IE4 Super Premium motors carry a high efficiency value on their nameplate; but that value belongs to the condition where the motor runs near full load. In real facilities motors often run below rated power, that is, at part load. Moreover, many motors are selected larger than needed with a "just to be safe" mindset, so they constantly run at a low load ratio. This oversizing quietly eats the efficiency and power factor advantage the IE4 motor offers, because both efficiency and power factor drop noticeably at low load ratio. In this article we cover how the IE4 motor's efficiency curve behaves at part and low load, why oversizing eats the savings, and how to do load assessment and sizing for the right kW selection.
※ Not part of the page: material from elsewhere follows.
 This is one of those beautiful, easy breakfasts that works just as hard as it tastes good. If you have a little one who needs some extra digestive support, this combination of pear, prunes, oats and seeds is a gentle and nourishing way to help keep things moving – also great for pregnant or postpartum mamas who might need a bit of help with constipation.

IE4 motor efficiency curve at part and low load and correct sizing

The IE4 Efficiency Curve: Efficiency by Load Ratio

A motor's efficiency is not a fixed number; it is a curve that varies with the load ratio. In IE4 motors, efficiency usually peaks around 75% load and stays relatively high in the 50-100% range. But as the load ratio falls below 50%, efficiency starts to drop; at very low loads (25% and below) this drop becomes pronounced. So the IE4 motor shows its superior efficiency when run in the right load range; at very low load this superiority dissolves. The important thing is to realize that even the seemingly flat region of the efficiency curve has a limit: between 50-100% efficiency is relatively stable, but below this band the curve bends down quickly. So sizing the motor to keep it within this stable band is the precondition for actually getting the efficiency IE4 promises in the field.

This behavior explains why the load ratio is critical in motor selection. The nameplate efficiency of IE4 rests on the assumption that the motor runs near full load. If the motor constantly runs at 30% load, the real field efficiency stays below the nameplate value. The difference between nameplate efficiency and field efficiency emerges exactly at this point.
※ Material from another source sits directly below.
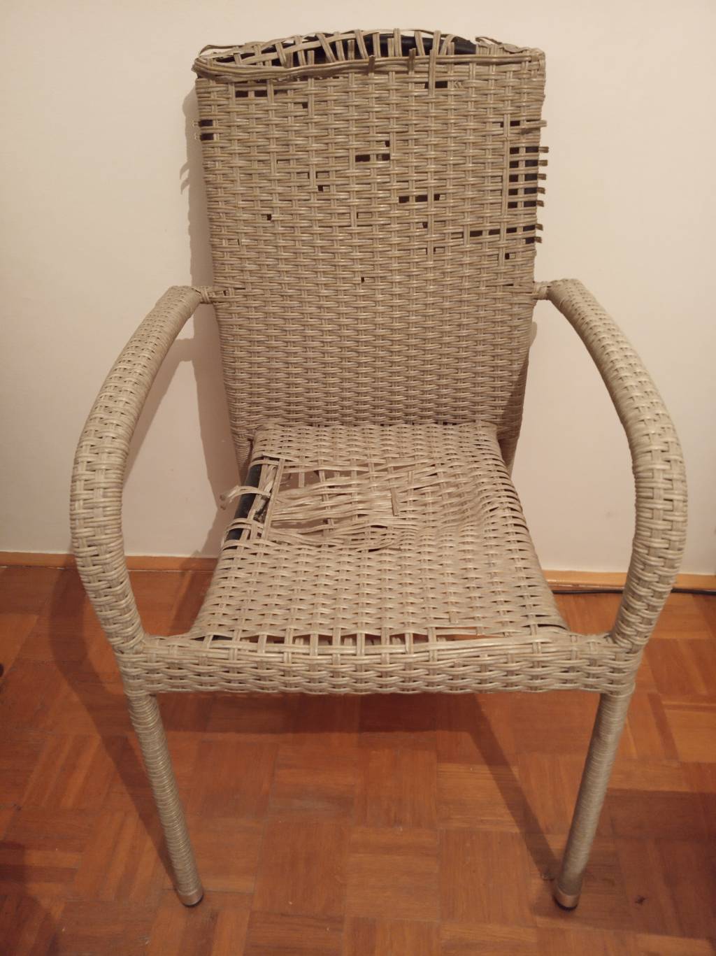 kovová konstrukce, umělý ratan, poškozená, k renovaci

Power Factor Drops Faster at Low Load

A value that deteriorates faster than efficiency is the power factor (cos phi). In induction motors the power factor drops sharply at low load; the motor still draws magnetizing current while the useful load decreases, so the ratio worsens. A low power factor increases reactive energy draw and the need for correction. An oversized IE4 motor creates a two-way loss with both low efficiency and low power factor. A low power factor causes the facility to draw more apparent power from the grid; this both increases cable and transformer loading and creates the risk of a reactive power penalty. So the cost of oversizing is not limited to the motor's own efficiency; it spreads to the facility's electrical infrastructure. That is why power factor is a part of motor sizing that should not be ignored.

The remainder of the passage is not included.